● Exercise directions: Once you find the line with "All the aforementioned" in the data below, transcribe exactly each line from there to the line with "Ameen has been", inclusive, and nothing else. Drop the pictures.

● Provided data:
....

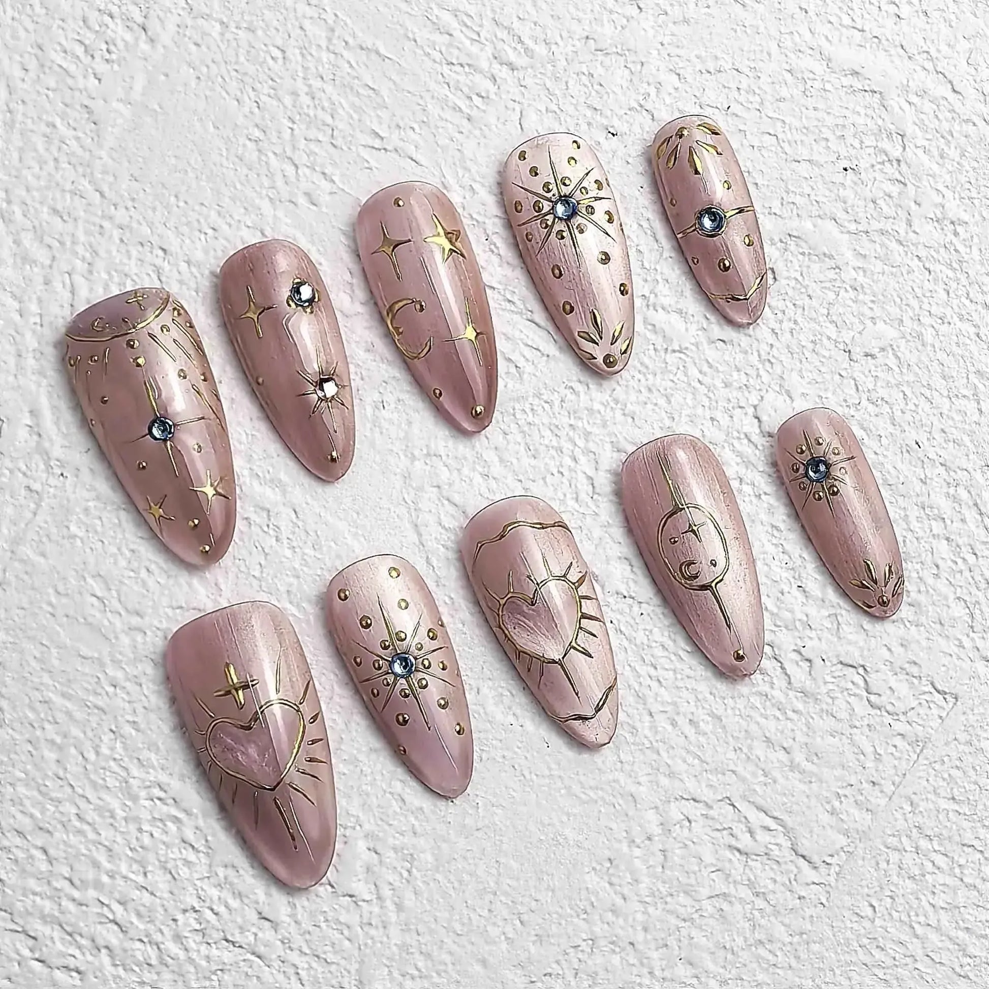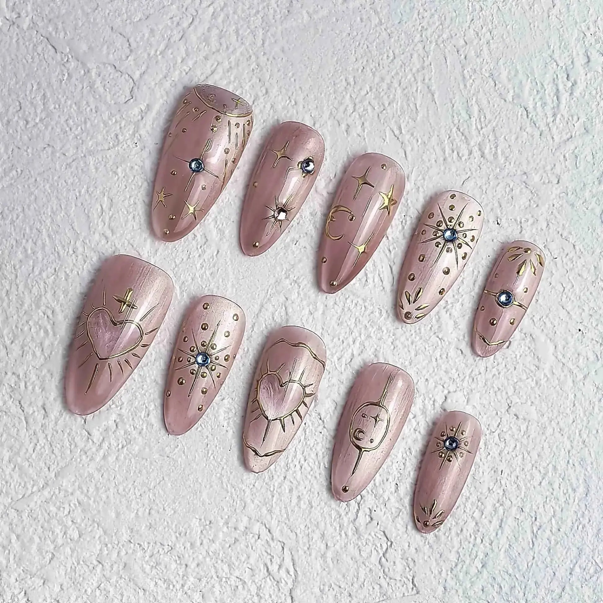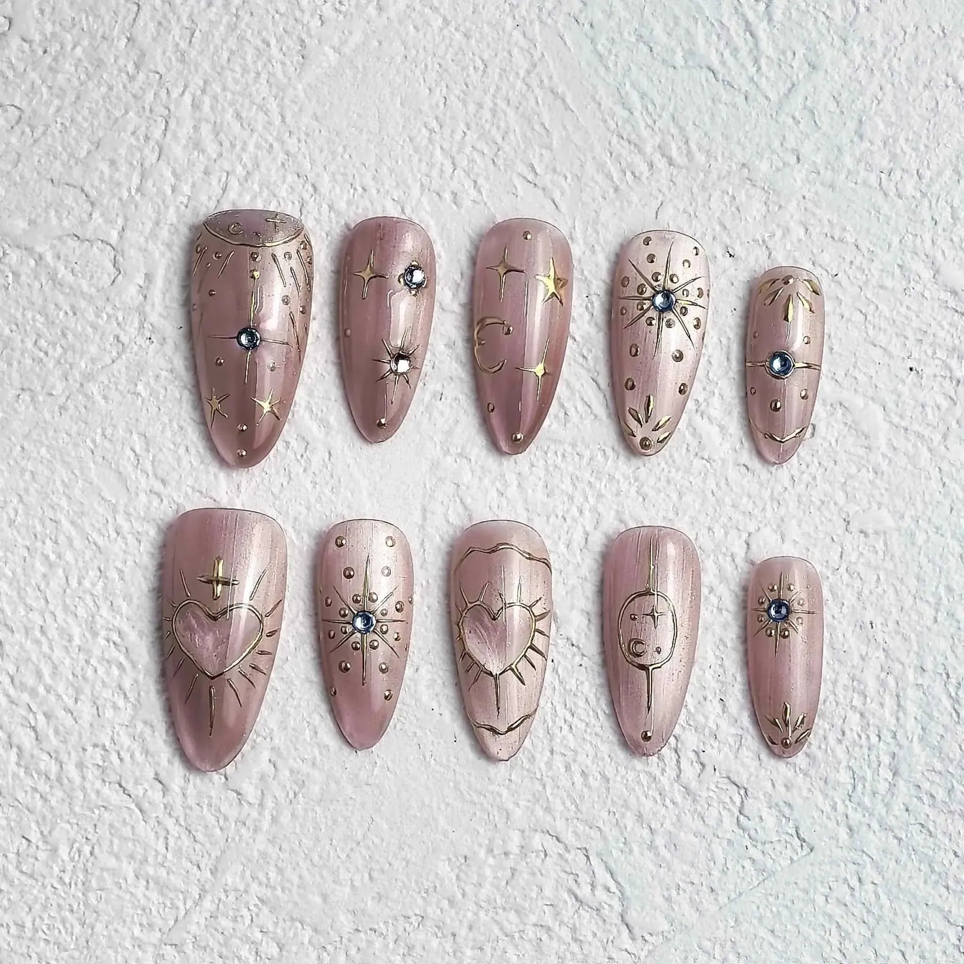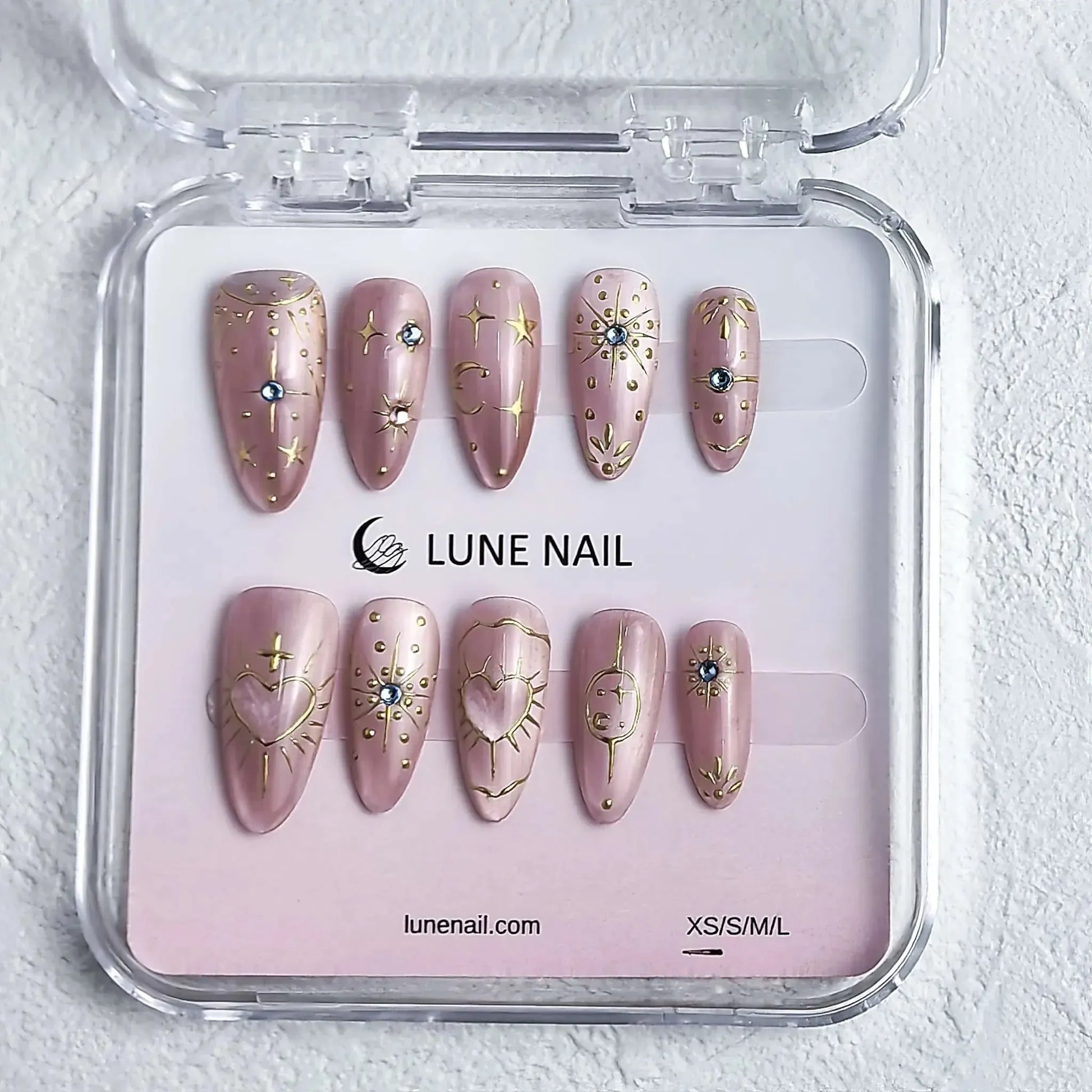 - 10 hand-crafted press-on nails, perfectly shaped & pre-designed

....

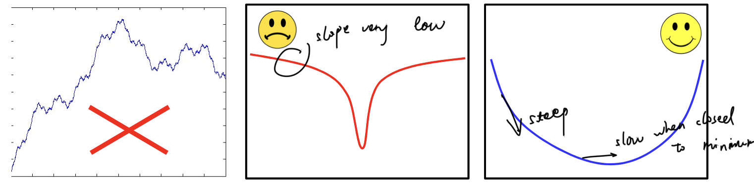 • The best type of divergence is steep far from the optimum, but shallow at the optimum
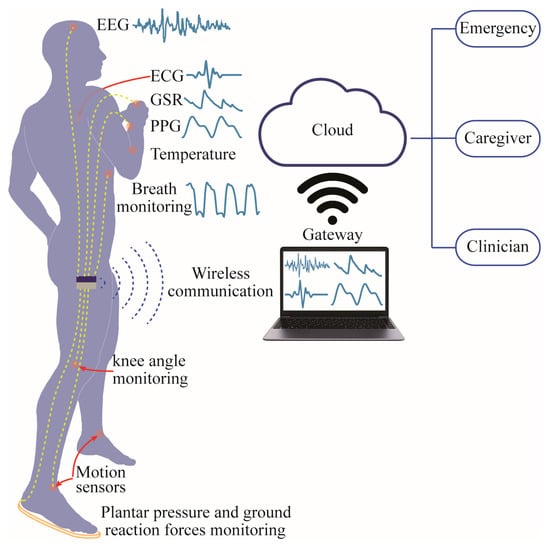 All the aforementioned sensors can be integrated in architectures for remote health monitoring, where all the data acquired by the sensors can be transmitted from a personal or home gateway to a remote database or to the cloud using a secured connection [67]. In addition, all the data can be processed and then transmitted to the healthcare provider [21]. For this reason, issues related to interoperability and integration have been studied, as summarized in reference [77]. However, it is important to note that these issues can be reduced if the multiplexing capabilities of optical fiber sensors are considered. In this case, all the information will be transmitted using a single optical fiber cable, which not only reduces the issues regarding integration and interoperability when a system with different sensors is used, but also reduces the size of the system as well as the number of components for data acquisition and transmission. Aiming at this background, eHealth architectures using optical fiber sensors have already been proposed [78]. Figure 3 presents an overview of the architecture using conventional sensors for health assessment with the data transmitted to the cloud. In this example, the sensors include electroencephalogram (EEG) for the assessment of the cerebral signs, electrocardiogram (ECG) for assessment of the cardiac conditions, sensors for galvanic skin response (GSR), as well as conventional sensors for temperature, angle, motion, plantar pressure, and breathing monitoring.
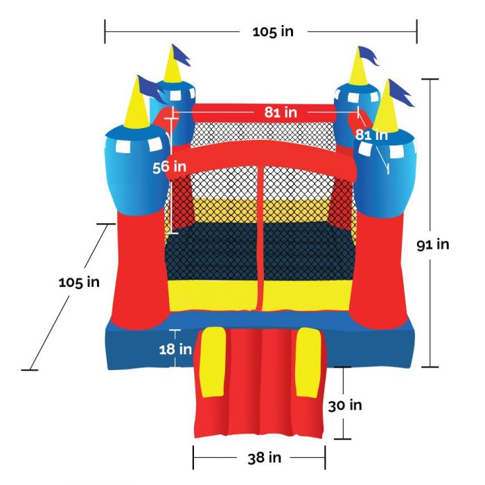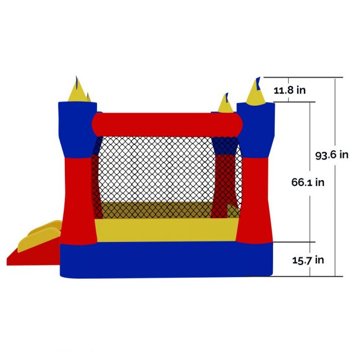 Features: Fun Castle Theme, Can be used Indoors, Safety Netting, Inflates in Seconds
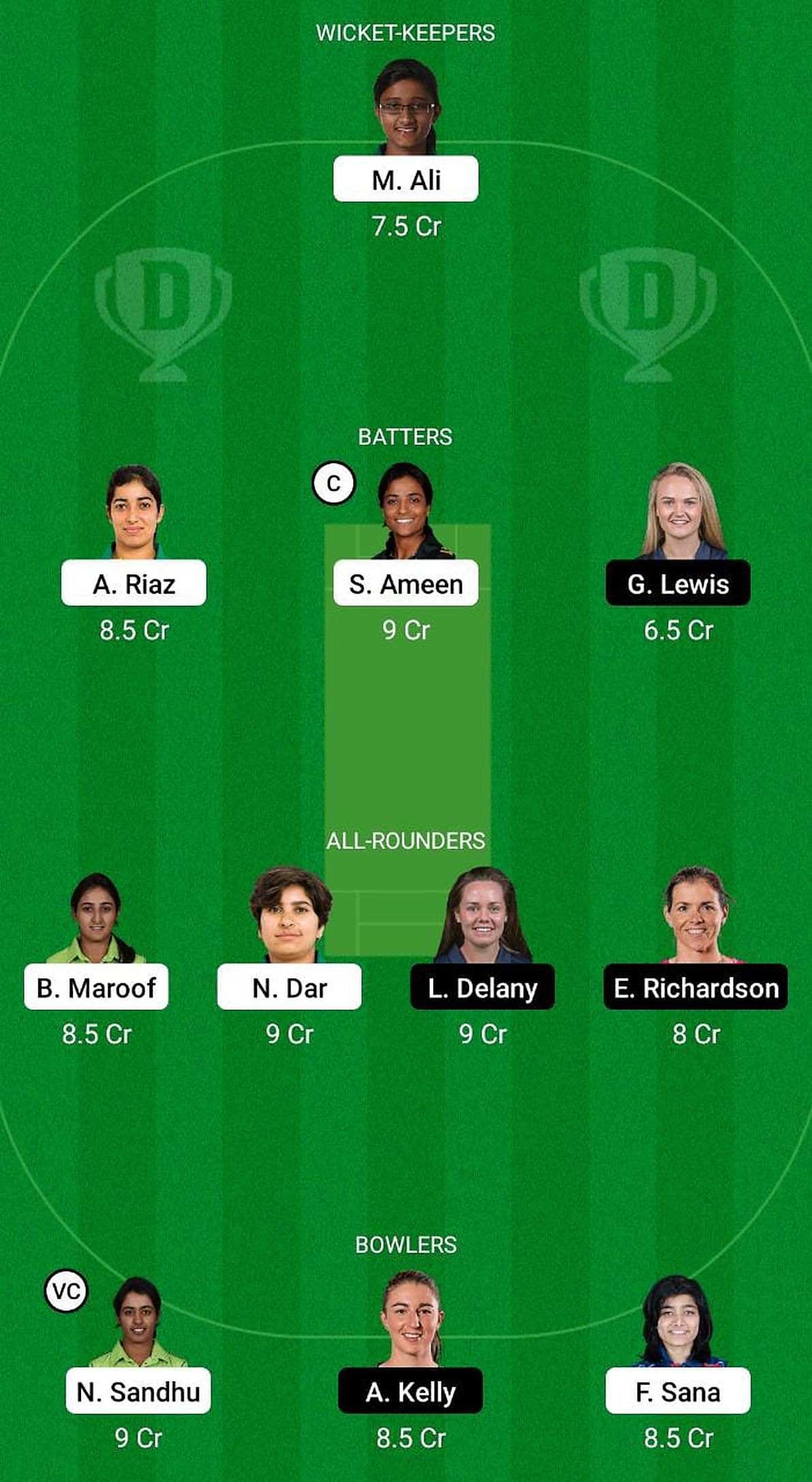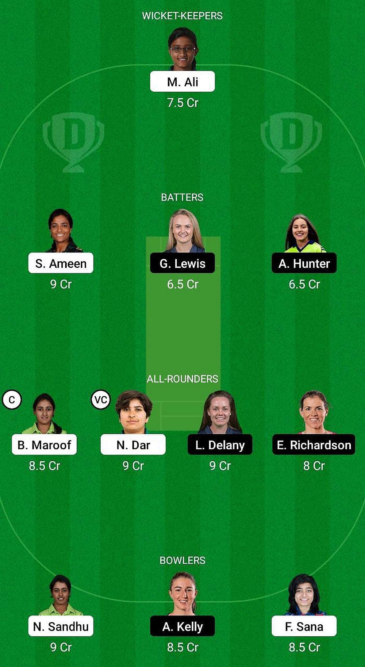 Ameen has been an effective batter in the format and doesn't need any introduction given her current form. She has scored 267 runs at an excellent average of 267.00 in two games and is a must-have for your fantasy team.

....

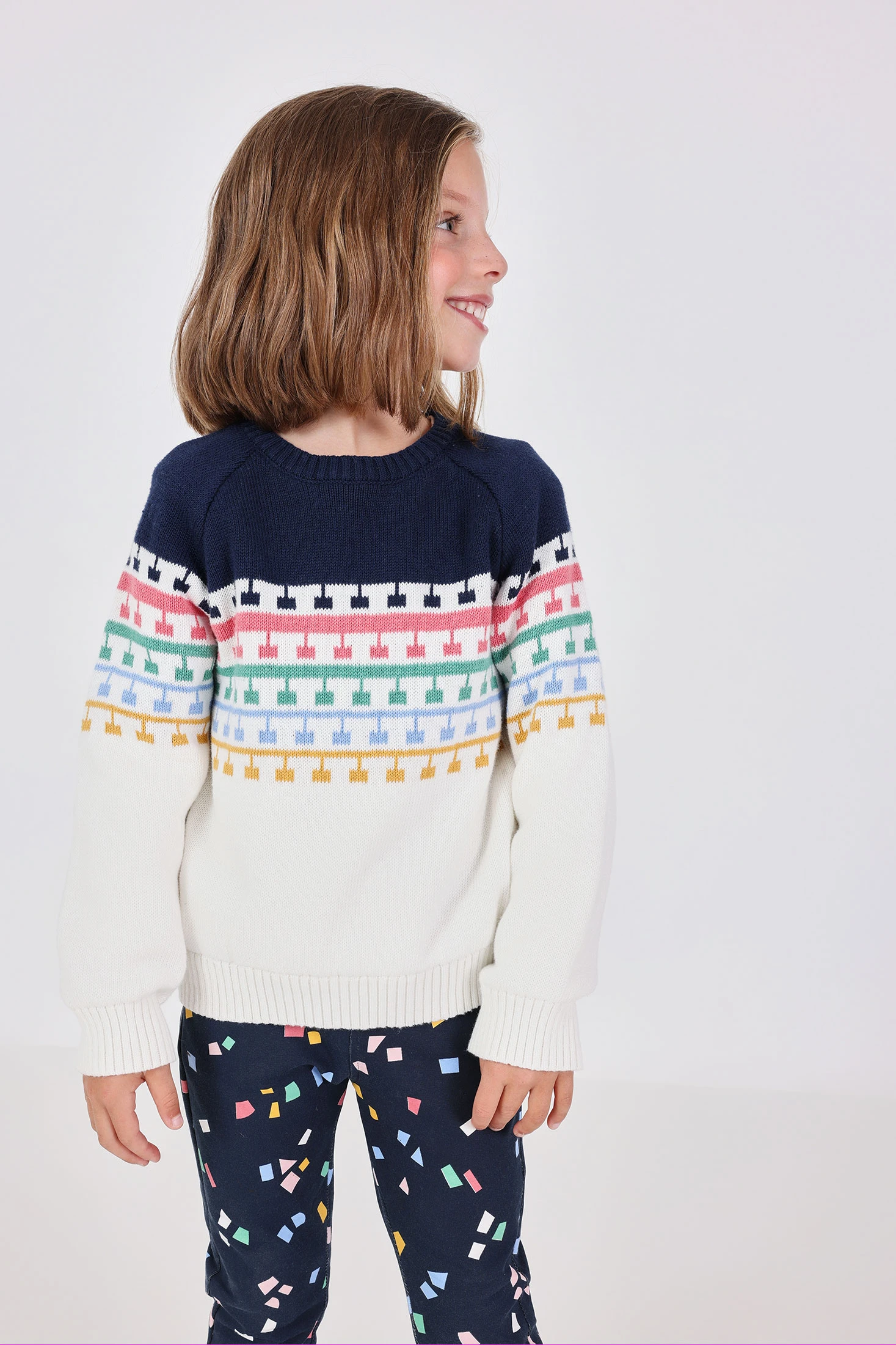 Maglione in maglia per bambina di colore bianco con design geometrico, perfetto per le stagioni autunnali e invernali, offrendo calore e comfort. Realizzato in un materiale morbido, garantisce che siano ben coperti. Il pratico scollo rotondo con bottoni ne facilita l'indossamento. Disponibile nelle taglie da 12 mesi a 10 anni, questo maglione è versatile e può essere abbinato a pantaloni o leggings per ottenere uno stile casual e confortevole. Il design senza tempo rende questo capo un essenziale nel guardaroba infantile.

....

● Written reply:
 All the aforementioned sensors can be integrated in architectures for remote health monitoring, where all the data acquired by the sensors can be transmitted from a personal or home gateway to a remote database or to the cloud using a secured connection [67]. In addition, all the data can be processed and then transmitted to the healthcare provider [21]. For this reason, issues related to interoperability and integration have been studied, as summarized in reference [77]. However, it is important to note that these issues can be reduced if the multiplexing capabilities of optical fiber sensors are considered. In this case, all the information will be transmitted using a single optical fiber cable, which not only reduces the issues regarding integration and interoperability when a system with different sensors is used, but also reduces the size of the system as well as the number of components for data acquisition and transmission. Aiming at this background, eHealth architectures using optical fiber sensors have already been proposed [78]. Figure 3 presents an overview of the architecture using conventional sensors for health assessment with the data transmitted to the cloud. In this example, the sensors include electroencephalogram (EEG) for the assessment of the cerebral signs, electrocardiogram (ECG) for assessment of the cardiac conditions, sensors for galvanic skin response (GSR), as well as conventional sensors for temperature, angle, motion, plantar pressure, and breathing monitoring.
 Features: Fun Castle Theme, Can be used Indoors, Safety Netting, Inflates in Seconds
 Ameen has been an effective batter in the format and doesn't need any introduction given her current form. She has scored 267 runs at an excellent average of 267.00 in two games and is a must-have for your fantasy team.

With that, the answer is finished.